7.7.09

Charette: Sketch project

J+Bs was the prime location for this

Inspired by Nason's recent post, and Woods' assignment, I think we should employ a small charette within The Big. Each of us have a week to sketch the idea of a space. Like many studio assignments, this one is completely open to interpretation. I would like to see each of us encourage our sketching skills. So take the sketchbook to the coffee shop, the laundromat, the bar, the bordello, wherever.
The city is often thought of as an ensemble of buildings and the people who inhabit them, establishing a particular way of living that combines the private and the communal. It is useful to remember that a city is also an ensemble of open spaces that are largely public, where private and communal life are openly shared. ~Lebbeus Woods

6.7.09

faces on the train, part 0ne

During my summer studies with Cornell University, I have recently had the extreme pleasure to be involved with a short, yet intensive seminar taught by Professors Lebbeus Woods and Christoph a. Kumpusch. In a rather inadequate nutshell: during the course of the two weeks we worked together we investigated the ground plane of New York City in order to deepen our collective understanding of people and their interactions with and uses of their urban environments. Here, we approached the ground plane as a palimpsest of what has gone before, as a record of how a city is truly used and understood. If we could uncover something from this examination, we could then expand upon our understanding of our city. From this understanding a new city could be revealed. A deeper and more eloquent explanation of the seminar can be had by Professor Woods, himself on his blog at:

Lebbeus Woods Blog

While engaged in this process I was inspired to begin sketching people as often as I could. The best place I could do this as inconspicuously as possible was while riding the subway.

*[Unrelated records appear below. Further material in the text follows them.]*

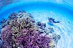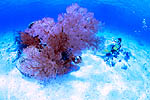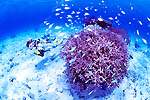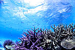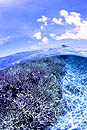 | 沖縄本島、南西約320kmに浮かぶ宮古島は石灰質の地層が生み出す幻想的なホールやケーブの宝庫。そして島の北側、20km沖合いには200ヘクタールもの巨大なサンゴ礁、八重干瀬(やえびし)がある。そこにはいまだ手つかずの枝サンゴが群生する。 |
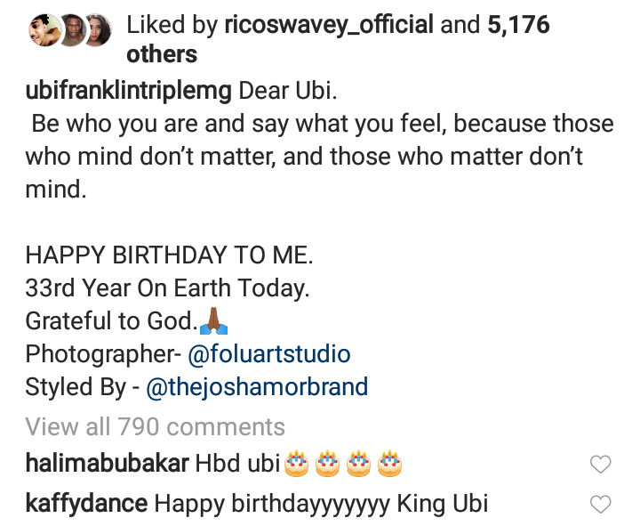 Famous record label boss Ubi Franklin celebrates 33rd birthday as he shares cute photo on his page recently.
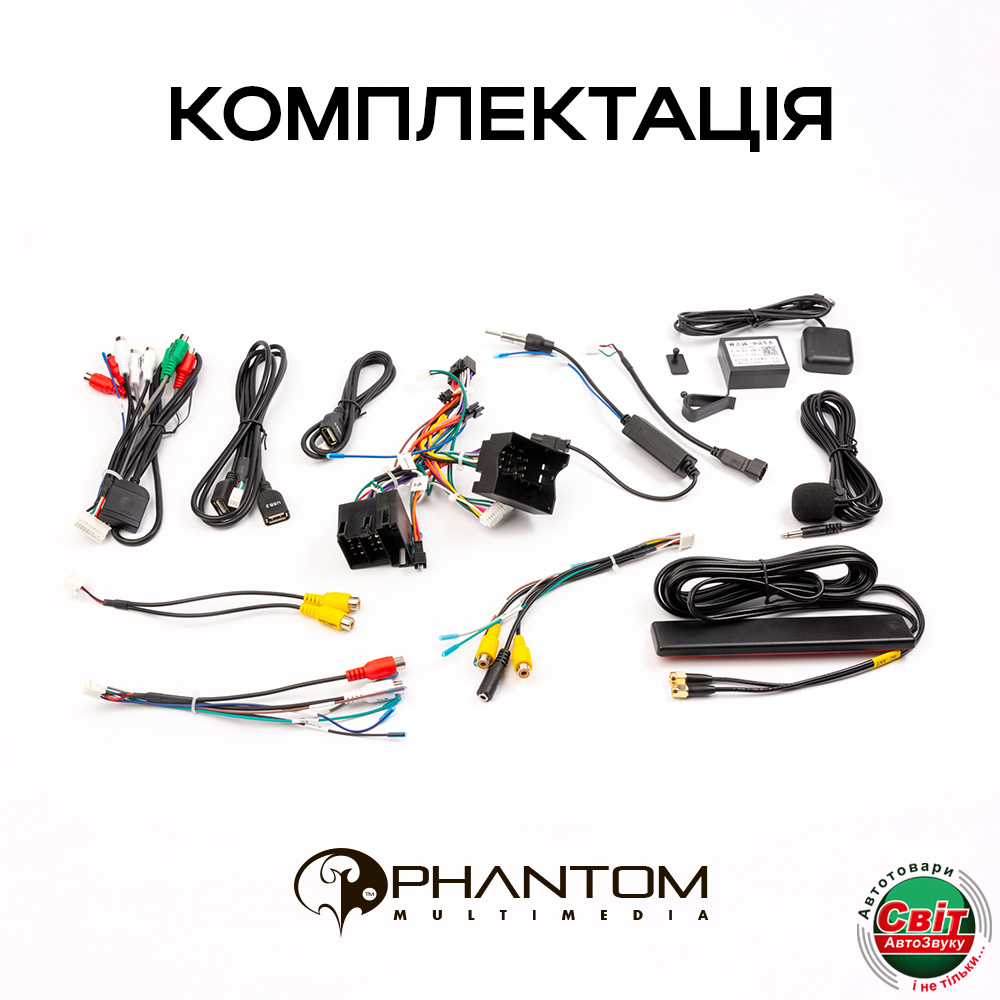 15.Комплект кабелів та Can Bus (за необхідності) адаптер для підключення до заводської проводки в автомобілі.
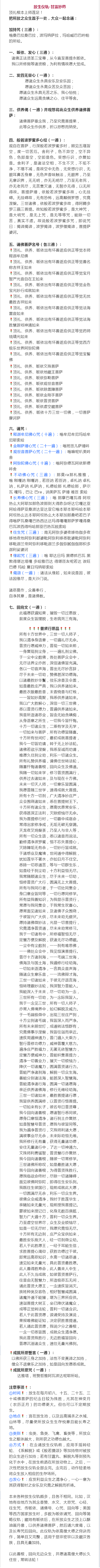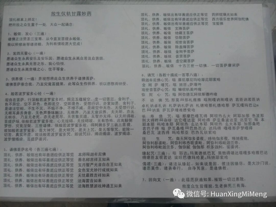 嗡桑巴ra桑巴ra,波玛纳萨ra,玛哈臧巴巴吽帕的所哈。观自在菩萨,行深般若波罗蜜多时,照见五蕴皆空,度一切苦厄。舍利子,色不异空,空不异色,色即是空,空即是色。受想行识,亦复如是。舍利子,是诸法空相,不生不灭,不垢不净,不增不减,是故空中无色,无受想行识,无眼耳鼻舌身意,无色声香味触法,无眼界,乃至无意识界,无无明,亦无无明尽,乃至无老死,亦无老死尽,无苦集灭道,无智亦无得,以无所得故。菩提萨埵,依般若波罗蜜多故,心无挂碍。无挂碍故,无有恐怖,远离颠倒梦想,究竟涅槃。三世诸佛,依般若波罗蜜多故,得阿耨多罗三藐三菩提。故知般若波罗蜜多,是大神咒,是大明咒,是无上咒,是无等等咒,能除一切苦,真实不虚。故说般若波罗蜜多咒,即说咒曰:揭谛揭谛,波罗揭谛,波罗僧揭谛,菩提萨婆诃。那莫ra那札雅雅 嗡刚嘎讷刚嘎讷 若匝讷若匝讷卓札讷卓札讷 札萨讷札萨讷 札德哈那札德哈那 萨瓦嘎玛巴让ra巴ra讷美萨瓦萨埵难匝索哈嗡 那摩巴嘎瓦得 阿坝热么大 阿耶加那色波那 则大得昨ra杂呀达它嘎达亚 阿哈得萨亚桑波达亚 达亚它 嗡 本耶本耶 吗哈本耶阿坝热 么达本耶 阿坝热 么大本耶 加那桑吧若巴子得 嗡 萨瓦桑嘎ra巴热西达 达玛得嘎嘎那萨梦嘎得 桑巴瓦 波西得 吗哈那亚 巴热瓦锐索哈南无阿弥多婆夜 哆他伽多夜 哆地夜他阿弥利都婆毗 阿弥利哆悉耽婆毗 阿弥利哆毗迦兰帝 阿弥利哆毗迦兰多伽弥腻 伽伽那 枳多迦利娑婆诃嗡耶达日玛黑德抓巴瓦 黑敦得堪达塔嘎多哈雅巴达 得堪匝友呢若达 诶旺巴德玛哈夏日玛纳耶索哈①时间:放生在每月初八、十五、二十五、三十或佛菩萨的纪念日较为殊胜,尤其在神变月(农历正月)的功德更大。但也可以不定期放生。②地点:宜在放生池,以及远离捕杀之水域、山林等,尽量使所放众生生存悦意且能长寿之地。③类别:虫类、鱼类、飞禽、畜类等,所放众生之躯体越大,则所获之功德也越大。④方式:在念诵放生仪轨前,应用手摇转经轮、《系解脱》或《般若摄颂》等加持物对被放的众生进行加持;若有甘露丸、解脱丸等则预先化于水中,在放生前洒在所放动物上。之后,一次性把放生仪轨全部念完。念完后,动作轻柔地将众生放入相应的生存场所。⑤发心:应发利益众生之清净心,一心一意为其获得暂时之安乐及究竟之解脱而祈祷。本来各种放生仪轨颇多,且各不相同。比如,汉地有些地方为其念香赞、水文、大悲咒、心经、往生咒、传皈依、诵佛号、心咒、回向等;美国等西方国家放生时,多数为皈依诵咒、回向等简略仪轨;藏地有皈依后,在所放众生之顶上以酥油画月像,以供养诸佛菩萨,然后诵六度偈,以及长寿咒后回向。此仪轨为依高僧大德之窍诀而作,简单且又完整,适用于显宗密宗以及藏汉各族,且具无量加持。以此善根,回向无边众生,并愿诸高僧大德长久住世,常转法轮!
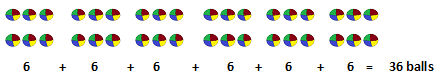 In above picture there are sets of 6 balls and repeatedly added 6 times, so 6 balls X 6 times added = 36 balls. (Ans.)

I didn't want people to know I was drawing them; it would make the drawings insincere. Because of this I had to work quickly. So, I began to sketch them as quickly as I could. I spent under 30 seconds on each of these, so that I could capture a moment, a connection between a person and their city. The drawings are not of the individuals, per se. Rather they are to evoke that instance where they were immersed in their environment and connected to it, rather than watching me or posing, or even just being "on guard". I wanted to capture these intimate moments like an innocent voyeur smiling at an elderly couple still in love as they stroll through the park on their 50th wedding anniversary. Anyway, here are the sketches; I hope it worked.

I will soon update how these fit into my understanding of the city as my analog of "Common Ground".